We would all like our relationships with others to last and work out. Whether it's family, friends, or that special someone, we never enter it expecting or wanting it to end. We try hard to make it work, because we don't want to lose them. Yet sometimes two people are just to different for the relationship to work out. When you love someone, or even like them, you are supposed to like them for who they are, not who you want them to be. You're not going into a relationship with someone with a plan to change them into the person you want them to be.

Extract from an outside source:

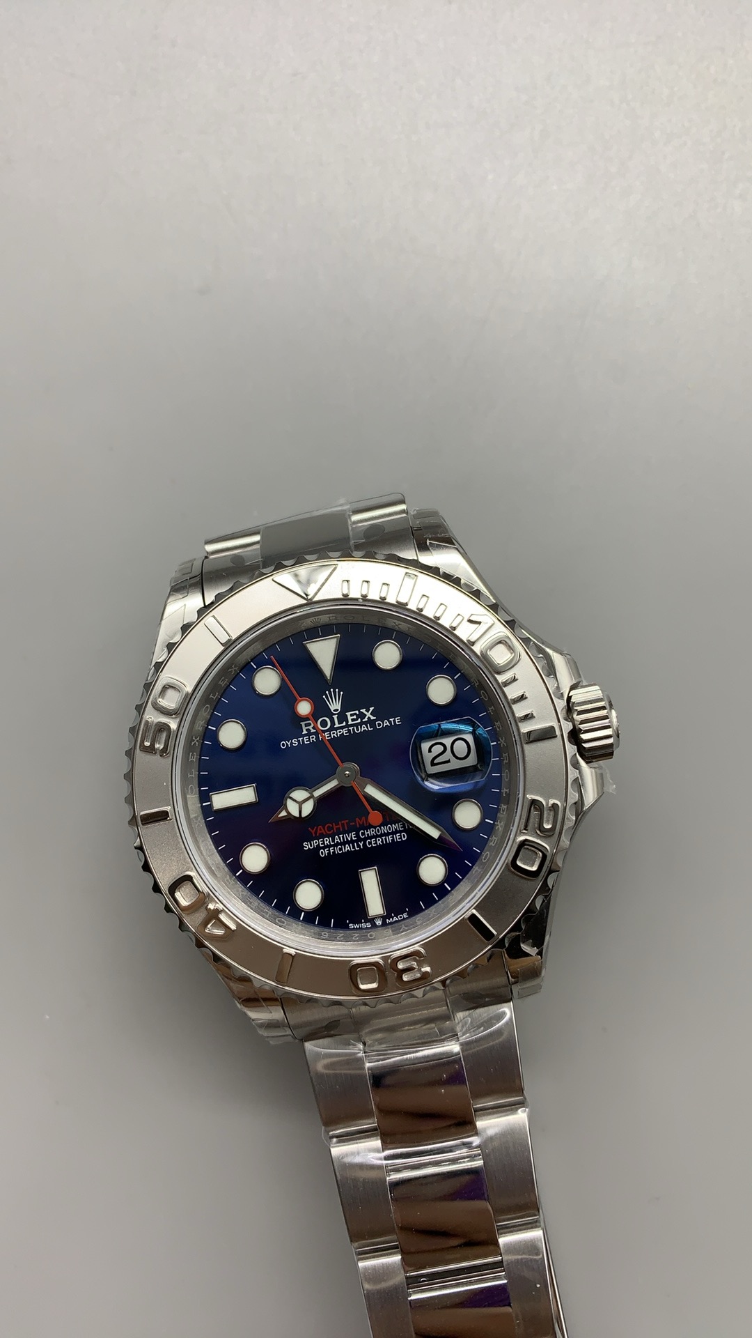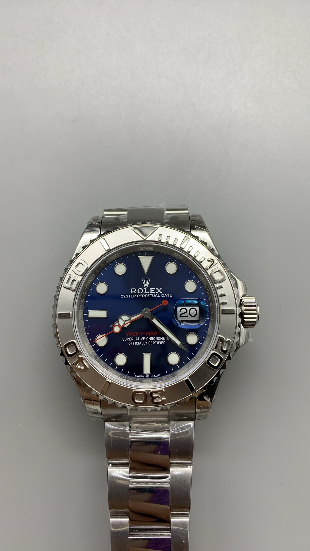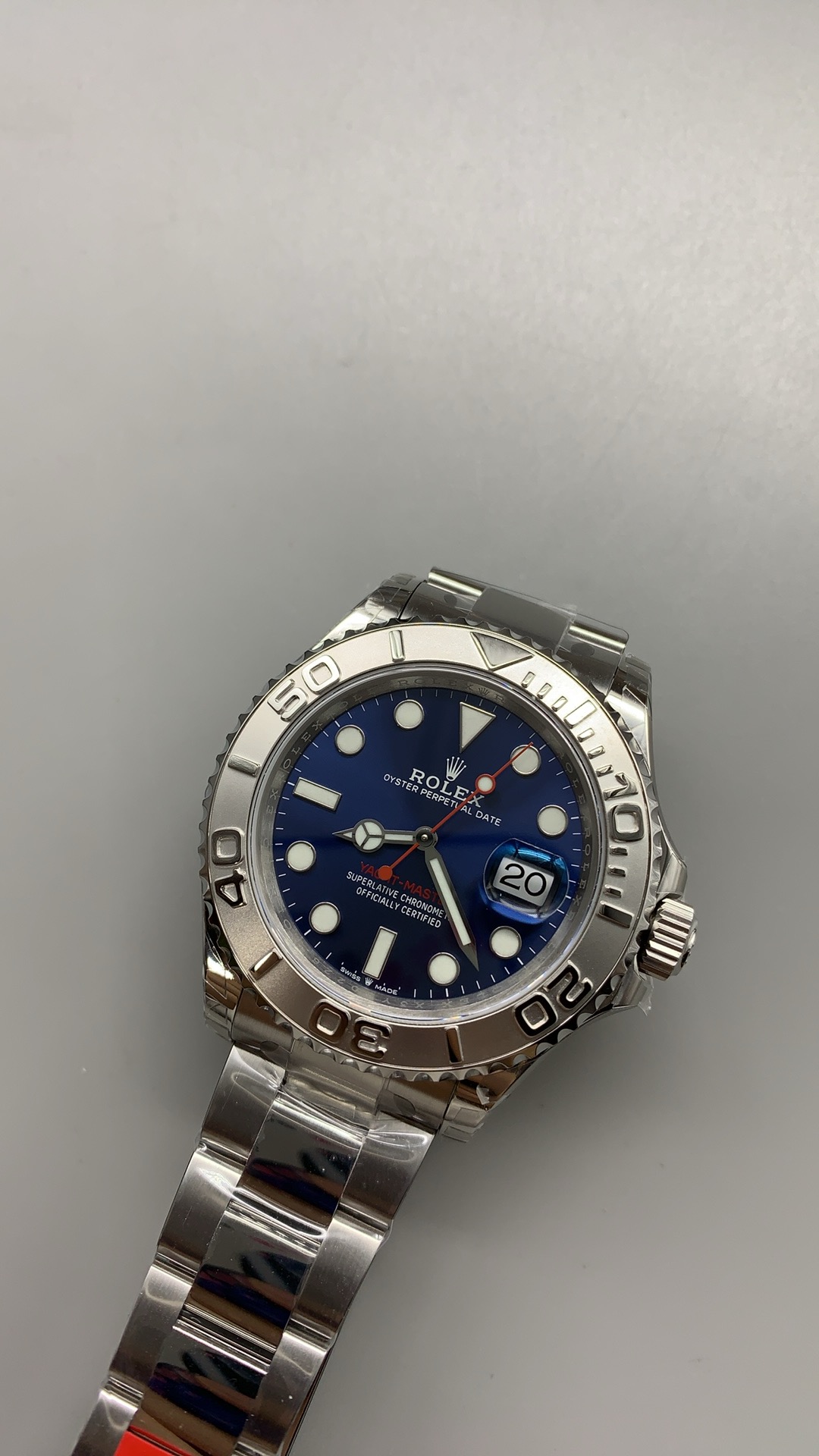 鮮やかなブルー サンバースト文字盤: 文字盤はダイナミックな色彩の傑作です。深く海のようなブルーのフェイスは、照明に応じて明るいコバルトから深いネイビーへと劇的に変化する鮮やかなサンバーストテクスチャーを特徴としています。この特定の文字盤にアグレッシブでスポーティな個性を与えているのは、ハイコントラストな鮮やかな赤の秒針とマッチする「YACHT-MASTER」のテキストであり、ロレックスのモータースポーツとセーリングの伝統に直接オマージュを捧げています。

Nevertheless, lots of people do just that. They like the other person initially of course, but there's something they see (or don't see) in them that they would like to change. That's really not how it works. You are supposed to be attracted to people you like to start off; you're not supposed to find someone and all the while be planning in your head how you would like them to be different. If you aren't pulled toward that person simply because of who they are, then they're not the one for you.
It's not that people can't be different and still be friends; lots of people have a variety of friends from all different walks of life. While your friends may be different from each other, the one thing they all need to have in common is love. We need to love our friends; simple as that. Not just like, but love. For friends are supposed to be people in your life who you can count on, who you can trust, who stand beside you through the good and bad. If they balk at the first disagreement or fight then they aren't good enough friends to keep anyways. With that love comes trust, complete and utter trust. Trust is something earned, not freely given. I'm not just talking about instinctual trust, but the kind of trust where you can tell that person anything and they will stand by you on it, even if they disagree. That is something very hard to achieve in a relationship, and if you've ever had that trust broken by someone it's all the more difficult. It takes time to feel that safe with someone, yet you sometimes just have to follow your heart and take a chance that it will work out; that your friend will always be beside you.
While it would be nice to have your beliefs confirmed, that's not always the case. Sometimes, as I was saying before, people just don't work well together. Whether it is coming from a significantly different childhood, having different cultural and religious beliefs, or simply the ever threatening "they don't love you the same way" conflict, you may just have to give up on them. While I believe deep love can conquer all obstacles, if that love isn't reciprocated than it doesn't work. To use an analogy if I may, think of a wide row boat (yes I know this has been widely used). Two people sitting side by side, each with an oar. If one of them is rowing while the other isn't, then you just keep going in circles; getting nowhere. You didn't get into the boat with them expecting to go in circles, you expected them to take the other oar and together you would get to your destination. If two people are friends but one has a mistrust of the other, you will just end up going in circles; never achieving anything.